The thermistor starts out at 100kR at 25C and when heated very quickly goes down in resistance, known as negative temperature coefficient (NTC). But follows a manufactured temperature curve.
A voltage is applied on the controller board to a 4.7kR resistor and the bottom end of this resistor is fed to the thermistor. The bottom end on the thermistor is grounded. So the junction between the two resistances will indicate the temperature of the thermistor.
The voltage is fed in to the controller on an analogue input pin and sampled.
Comparison to a lookup table gives an accurate result of the temperature.
So if I see MAXTEMP what do I do?
This error can be caused by a few things
the most likely are the thermistor wires shorted or
With fault one you need to switch off the printer and wait for the hotend or bed to cool.
Examine the thermistor leads, especially the insulation very close to the bead. If this has moved back it can cause the two leads to short out.
Why does this maxtemp error happen
Well the print head and the bed are moving and if the wires to the thermistor are not secured they will also move. This movement can cause friction between the insulation of both wires causing one or both to move. Continued movement will move the wires and can cause a temporary or permanent short.
With the software glitch, this may be cured by simply switching off and back on. At the very worst you will need to re-install the software into your printer.
How do I fix it.
If it is down to the insulation moving then readjustment of the insulation is all that is required. Isolating both wires will cure this fault.

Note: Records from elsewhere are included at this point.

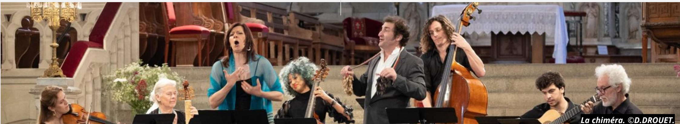
La chiméra. ©D.DROUET.
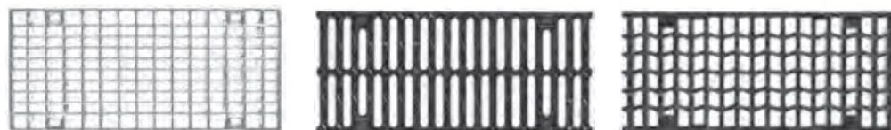
Tinklinės, cinkuoto plieno gr. Tarpinės, kaliaus ketaus gr. Banguotos, kaliaus ketaus gr.
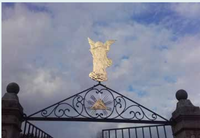
Okrasje nad vrati je bilo restavrirano, saj so bili simboli na njem komajda vidni

Javno komunalno podjetje Prodnik d. o. o. kot upravljavec pokopališča Mengeš skrbi za redno vzdrževanje, čiščenje in urejanje pokopališč.
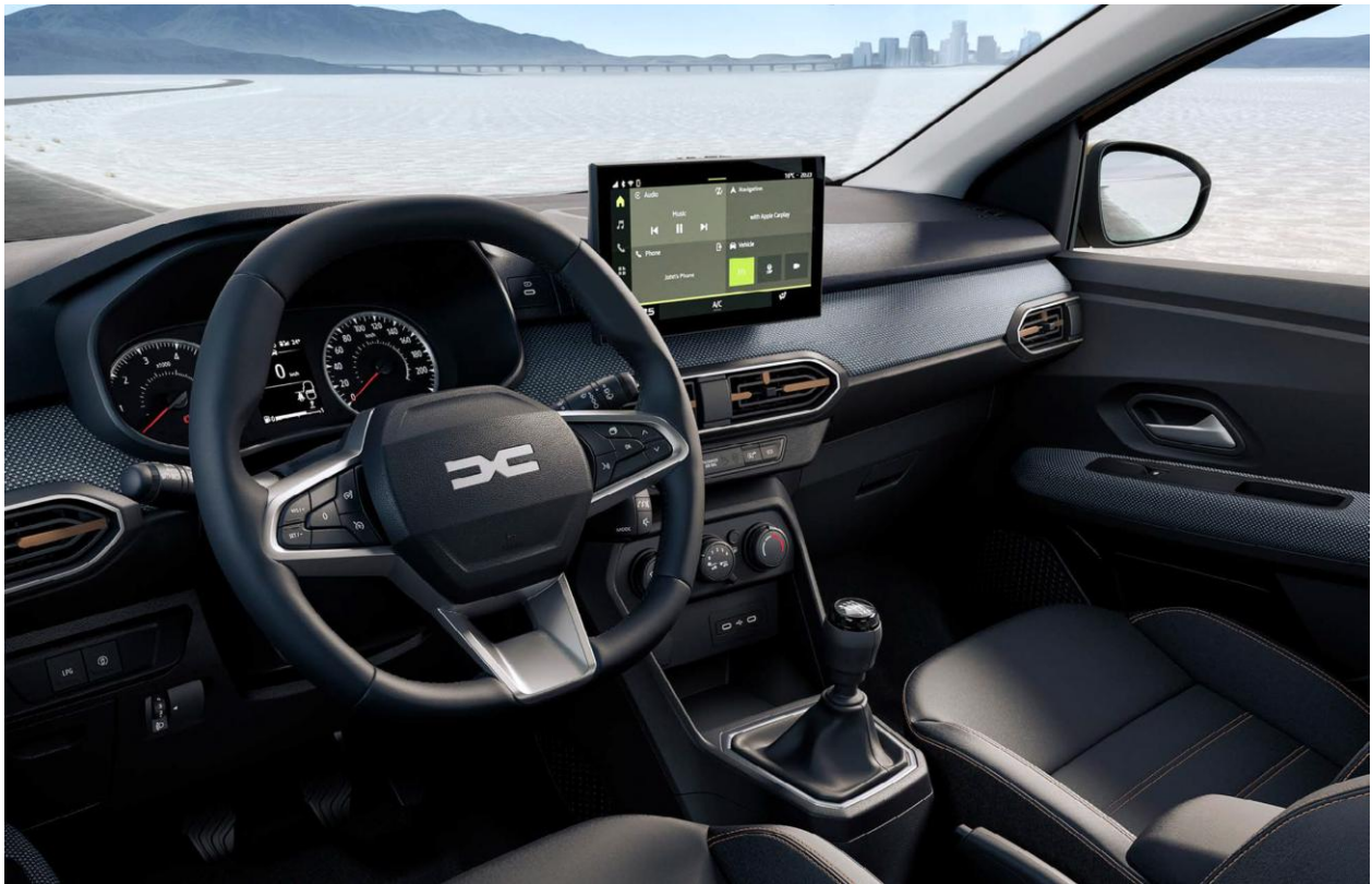
Ψηφιακός πίνακας οργάνων 3,5" & Σύστημα πολυμέσων Media Display 10,1"

If the wires are broken and shorted then unless there is enough wire visible to solder the break together you will need to replace the thermistor.
How do I replace the thermistor?
For the hotend you will need to remove the thermistor.
These can be glued or screwed to the metal heater block. If it is screwed you will need to carefully unscrew the screw holding the thermistor down. If it is glued you will need to carefully cut the thermistor away from the metal block.
In the picture you have 1 – grub screw
3 – solder joints
Check with the manufacturer for the correct thermistor, they have different curves and unless you want to change your software you need to match the thermistor characteristics. The characteristic you are looking for is the b or beta.
When replacing the thermistor you need to be careful as the bead is made of glass. Don’t hold this end in pliers as you may break the glass.
You must solder the wires quickly to prevent the heat from the iron damaging the sensor. Keep the iron at least 6mm away from the sensor and only keep it on the lead for about 2 seconds.
Make sure the insulation goes right up to the bead before replacing.
When replacing with glue make sure the insulation is right up to the bead and the wires will not short out on the block.
Once you have replaced it, it is a good idea to test the heating before going into a print.
Use the preheat PLA to get the hotend up to about 180C and stabilised.
Make sure the temperature stays within a couple of degrees over a 5 minute time period.
Wiggle the wires to ensure that they will not short when printing.
For the build platform, the thermistor is normally stuck down with kapton tape.
unpeel the tape – touching as little of the glue side as possible to reuse the tape.
Make sure the leads are not shorted, push the insulation up to the glass bead.
Ther are some heated build platforms which have the thermistor soldered to traces close to the middle of the board, in this case unsolder the thermistor and replace, the device is not polarised, can only be connected one way round. It doesn’t matter which lead goes to which trace.
Good luck with sorting this problem out.
It is worth keeping a couple of these in stock, so if this error does come up then you are not stuck for a few days or weeks until the new one arrives.